Every line of the data below is to be duplicated exactly, pictures excepted.

─── Provided data ───

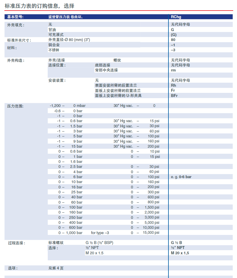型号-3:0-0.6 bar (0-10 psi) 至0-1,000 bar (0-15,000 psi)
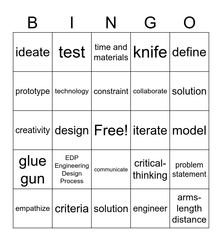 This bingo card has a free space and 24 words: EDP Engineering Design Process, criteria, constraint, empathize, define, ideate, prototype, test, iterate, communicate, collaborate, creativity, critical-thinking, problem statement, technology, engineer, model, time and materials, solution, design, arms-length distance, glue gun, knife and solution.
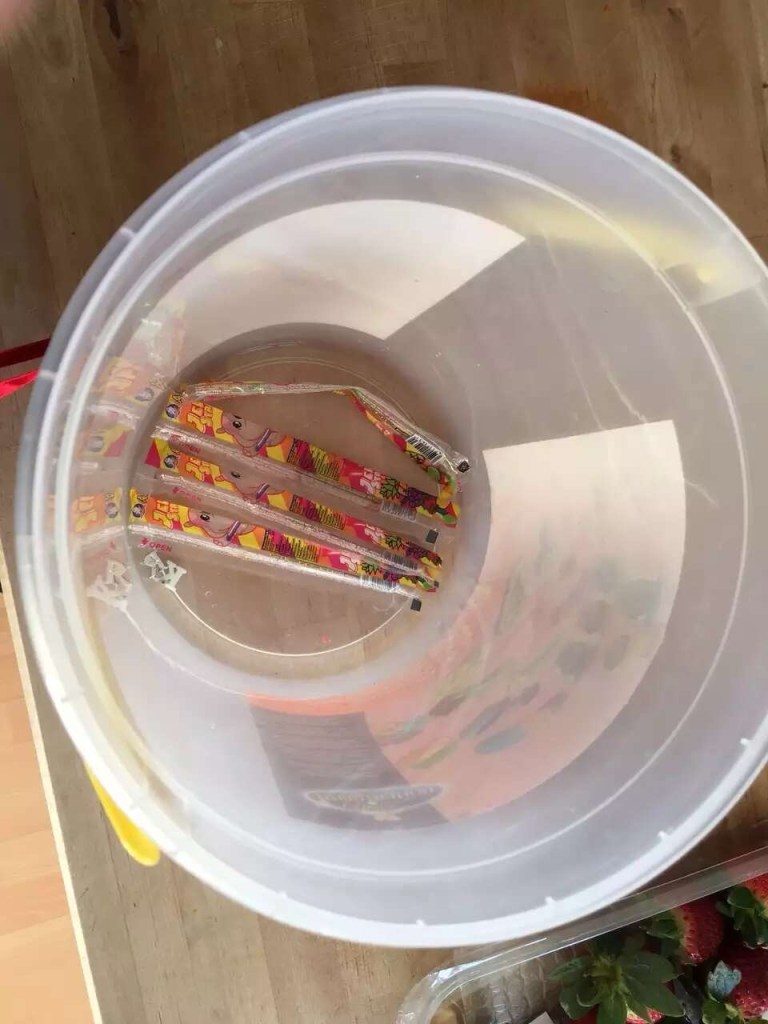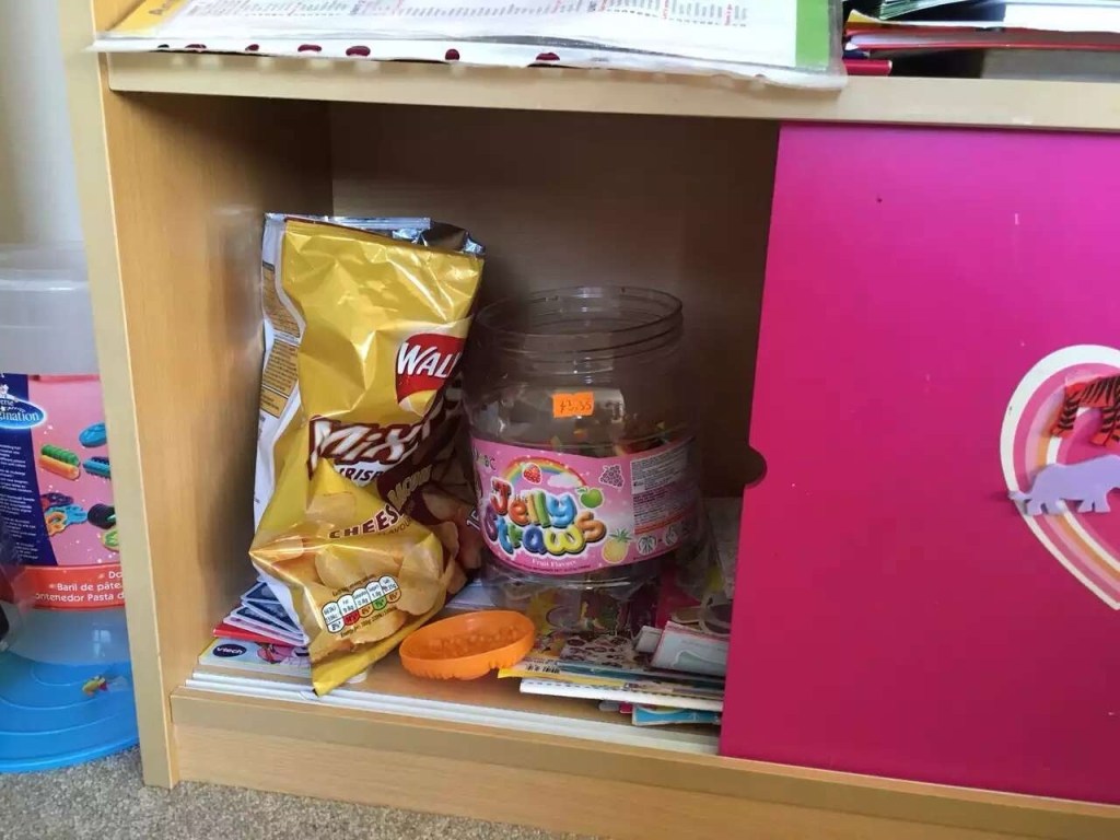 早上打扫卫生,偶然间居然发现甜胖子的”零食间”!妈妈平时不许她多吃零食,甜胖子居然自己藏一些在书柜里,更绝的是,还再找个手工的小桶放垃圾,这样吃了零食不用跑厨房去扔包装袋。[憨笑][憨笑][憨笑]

───

# Response area
型号-3:0-0.6 bar (0-10 psi) 至0-1,000 bar (0-15,000 psi)
 This bingo card has a free space and 24 words: EDP Engineering Design Process, criteria, constraint, empathize, define, ideate, prototype, test, iterate, communicate, collaborate, creativity, critical-thinking, problem statement, technology, engineer, model, time and materials, solution, design, arms-length distance, glue gun, knife and solution.
 早上打扫卫生,偶然间居然发现甜胖子的”零食间”!妈妈平时不许她多吃零食,甜胖子居然自己藏一些在书柜里,更绝的是,还再找个手工的小桶放垃圾,这样吃了零食不用跑厨房去扔包装袋。[憨笑][憨笑][憨笑]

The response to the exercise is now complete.